After Timoney called Safir a “lightweight”
and announced his retirement, Giuliani instructed city lawyers to research
ways to demote him to captain, thus cutting Timoney’s pension.
Only
the intervention of the Patrolmen’s Benevolent Association, conveyed
to Giuliani through his Staten Island political ally Guy Molinari, caused
Rudy to back off.
Adams’ attorney Norman Siegel – who as
head of the New York Civil Liberties Union had represented the Latino
Officers’ Association in their free speech suit against Safir –
called Kelly’s move against Adams “thin-skinned managerial
decision-making,” and said he hoped Kelly had acted without the
knowledge of Mayor Bloomberg.
“Why now?” said Siegel, explaining that
Adams had filed for retirement last Wednesday, that the department filed
charges against him on Thursday and that his trial is set to begin tomorrow.
“This is another case of Kelly leading the mayor,”
Siegel added. “The issue of whether the mayor delayed the announcement
of the subway threat for political reasons was behind him. Why bring it
up now?”
No comment from Kelly’s spokesman Paul Browne.
The Disappearing Detail.
The sole female in Kelly’s detective detail has joined
the security staff at Columbia University. Deidre Fuchs bailed out of
the police commissioner’s detail in November, and not because she
didn’t want to work.
Her departure, in what was once considered the most
prestigious detail in the department, brings the number of officers who
have left it since Kelly returned as commissioner in 2002 to 16.

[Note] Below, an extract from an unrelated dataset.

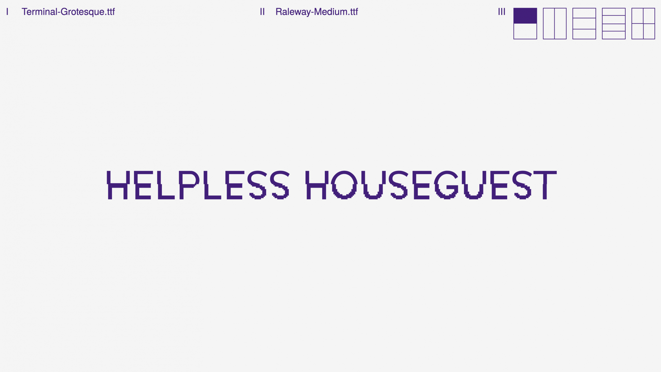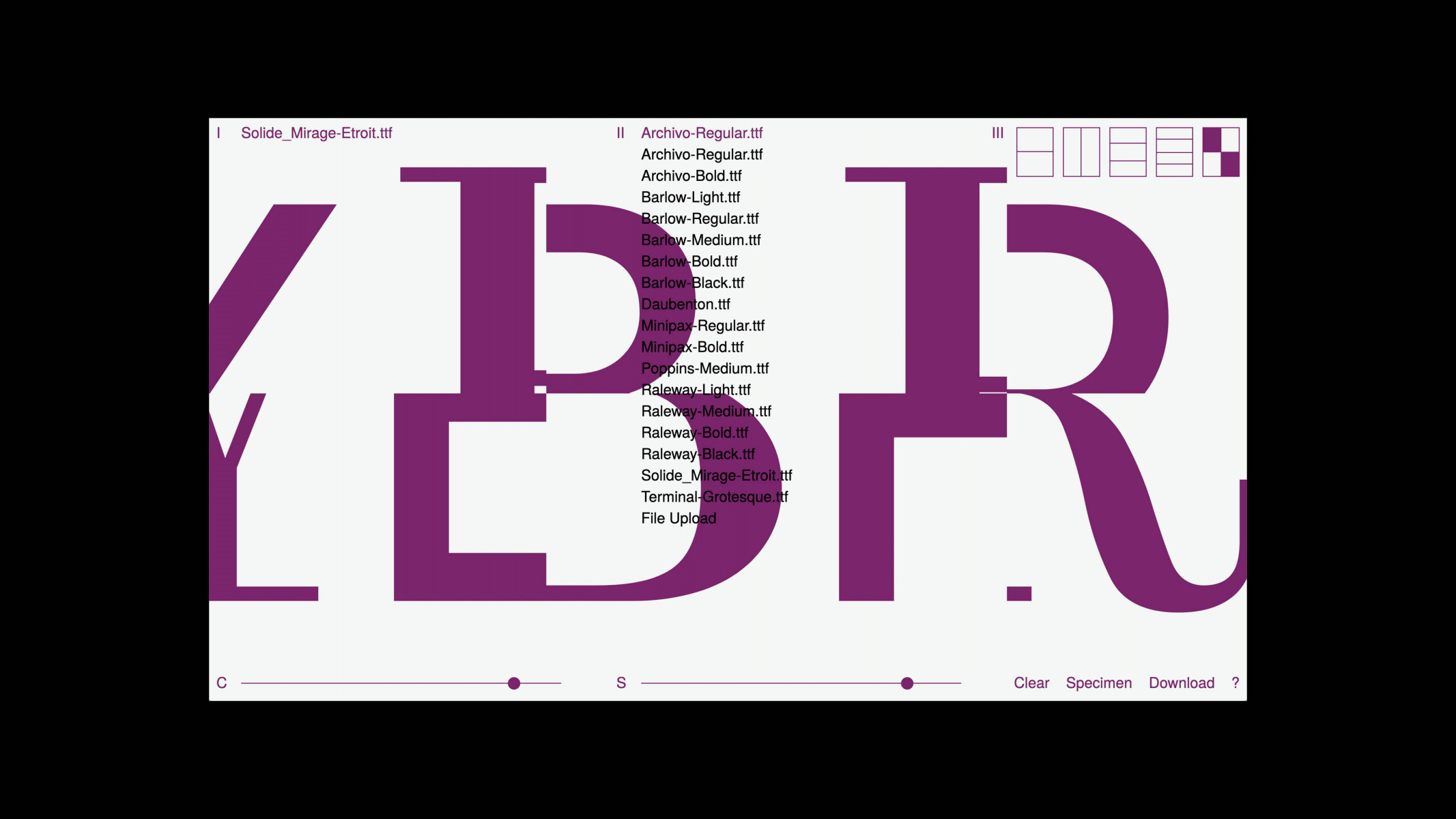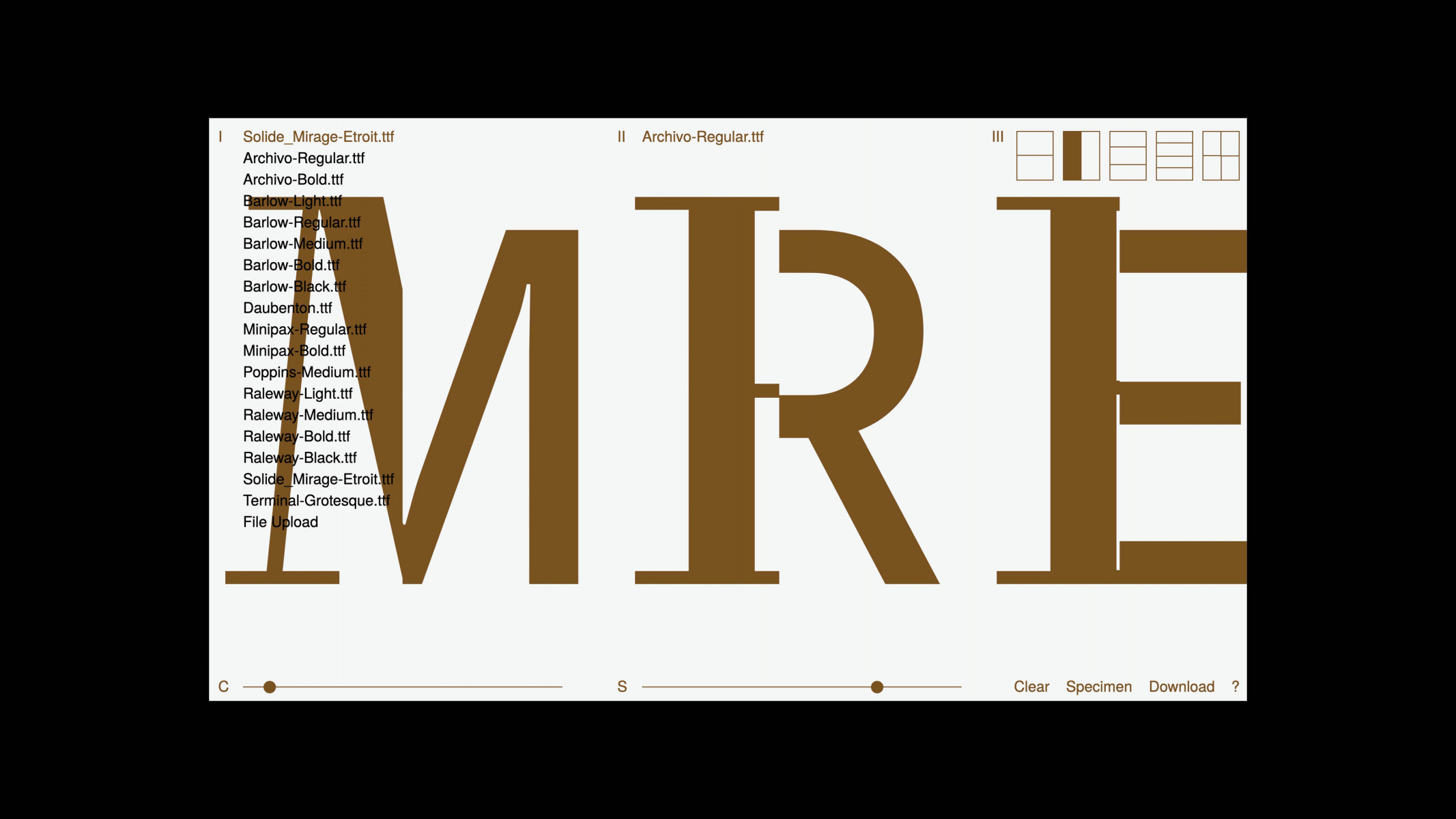 Font-remix is a web-based experiment that proposes the process of configuring letter forms at runtime and generating a customized font file for download. Using opentype.js and performing boolean operations on the vector letterforms, two open source typefaces are combined according to a set of grids.

At Columbia, Fuchs will work under former NYPD Chief
Jim McShane, who is a vice president and Columbia’s Director of
Security. McShane also worked for Kelly. Back in the day when Kelly was
first deputy, McShane and a half-dozen others who worked for him were
so close to Kelly – or so they thought – that they all wore
t-shirts with the inscription “Kelly’s heroes.”
When McShane left the department a couple of years
ago, Kelly attended his retirement dinner in the Bronx, for about 30 seconds.